Peki, 1 No'lu rezil emrin benimsenmesine aslında kim ilham verdi - yine bunlar Bolşeviklerdi! Petrograd'daki durum kritikti, büyük silahlı asker kalabalığı şehrin etrafında koşturarak öğrenciler ve jandarmalarla şiddetli çatışmalar başlattı; Kronstadt'ta denizciler tarafından subaylara yönelik katliamlar yaşandı. Biçimsel anarşi! Böyle bir durumda, sırf öfkeli "Anavatan savunucularını" sakinleştirmek için yeni yetkililere en Rusya karşıtı kararı bile olsa zorlamanın hiçbir maliyeti olmazdı. Ve bazı nedenlerden dolayı hâlâ ordunun çöküşünden sözde “liberalleri” sorumlu tutuyoruz. General A.S. Lukomsky, 1. Petrosovet'in emrinin "disiplini baltaladığını, subay komuta personelini askerler üzerindeki güçten mahrum bıraktığını" belirtti. Orduda bu düzenin benimsenmesiyle birlikte, her ordunun temeli olan komuta birliği ilkesi ihlal edilmiş, bunun sonucunda disiplinde keskin bir düşüş yaşanmıştır. Tüm silahlar asker komitelerinin kontrolüne girdi. Ancak bu Bolşeviklerin yararınaydı ve bu dönemde sözde "ordu demokrasisi"nin en aktif savunucuları haline geldiler. Bolşevik A.F. Myasnikov tarafından Minsk Konseyi delegelerine gönderilen emir şöyle diyordu: "Doğru kabul edersek... daimi orduların imhası... orduda daha demokratik düzenlerin yaratılması ihtiyacını görüyoruz." Yeni Bolşevik sloganlar arasında "halkın silahlanması" da var. Bolşeviklerin kendi - gerçekten savaşa hazır Kızıl Ordularını - yaratmaya başladıklarında, Petrograd Sovyeti'nin 1 numaralı emrini, "ordu demokrasisini" ve "halkın silahlandırılmasını" tamamen unutmaları ilginçtir. Troçki'nin önderlik ettiği orduda, hiçbir duygusallığa kapılmadan, en küçük suçlarda bile askerlerini vurarak en katı disiplini sağladılar. Böylece, Ağustos 1918'de Troçki, muharebe mevzilerini izinsiz terk eden Kızıl Ordu'nun 2. Petrograd Alayı'nı cezalandırmak için kırım yöntemini kullandı.
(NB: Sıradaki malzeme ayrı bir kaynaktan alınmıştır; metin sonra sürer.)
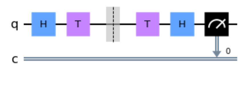 設問の量子回路には H -> T -> barrier -> T -> Hが作用しています!
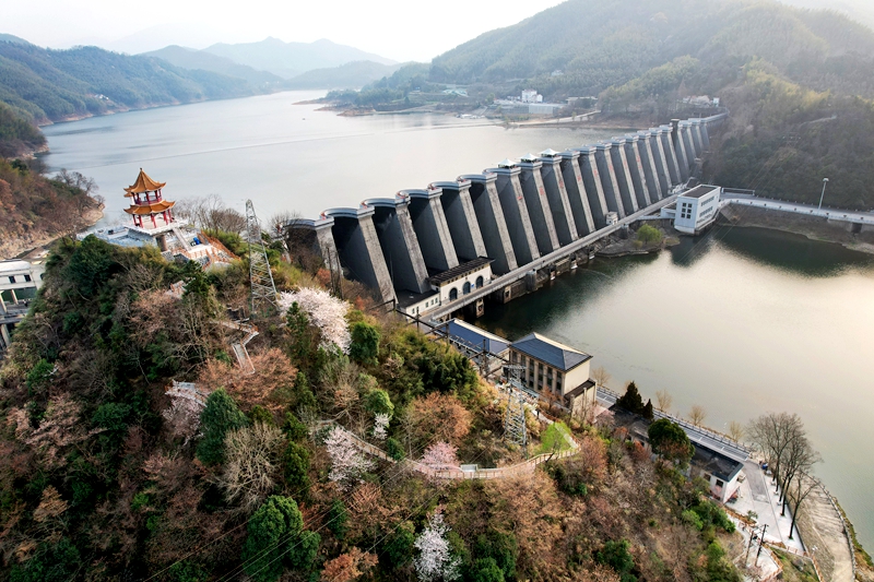 3月8日,大别山区霍山县佛子岭景区碧水荡漾,春景宜人。湖光山色中,被誉为“新中国第一坝”的佛子岭水库大坝,在春花的映衬下格外雄伟壮观。
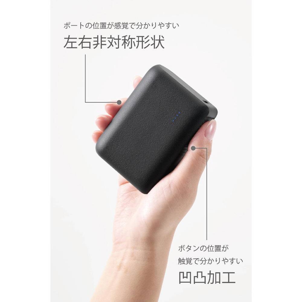 モバイルバッテリー 10000mAh USB-C/USB-A 両面挿し パススルー充電 振動通知 凹凸直感操作 PSE適合 iPhone Android対応 ブラック DE-C78L-10000BK
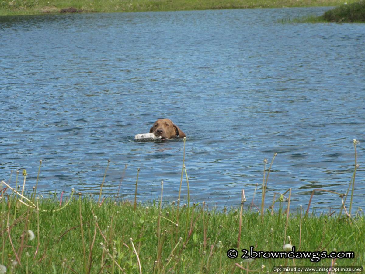 For some reason the kid throwing the bumpers changed it up and threw the mark a bit shorter for Storm. She is not always keen on super long swims, so she lucked out. She did a nice job on this mark.

Bir başka “eski Bolşevik” olan F.P. Khaustov'un anıları 1917 yılının Nisan ve Mayıs aylarına dayanmaktadır: “Bölge Bolşevik komiteleri seçilir. Bu, alayın birliğini sağlar... Komite, komşu alaylarla bağlantılar kurar ve aynı çalışma da yapılır. orada, Bolşevik komitelerin seçimlerine göre mesele genişledi ve Mart ortasında 43. Kolordu'nun tamamı Bolşevik programa göre örgütlendi. 436. Novoladozhsky Alayı'nın Bolşevik Komitesi neredeyse tamamen kolordu komitesine dahil edildi ve temsilcilerle dolduruldu. Aynı zamanda 436. Novoladozhsky alayının Bolşevik komitesi, Yoldaş A. Vasiliev aracılığıyla Bolşeviklerin Merkez ve St. Petersburg komiteleriyle temas kurdu ve aynı zamanda oradan canlı bir bağlantı aldı. Kronştadlı denizcilerle birlikte kuruldu ve alay komitesi, Bolşevik partinin merkez komitesinin bir parçası oldu. Kuzey Cephesi, en az 40 millik bir alanda Almanlarla kardeşlik. O sırada Bolşevik kolordu komitesinin başkanıydım. Kardeşleşme organize bir şekilde gerçekleşti.... Kardeşleşmenin sonucu, kolordu sektöründeki düşmanlıkların fiilen sona ermesiydi."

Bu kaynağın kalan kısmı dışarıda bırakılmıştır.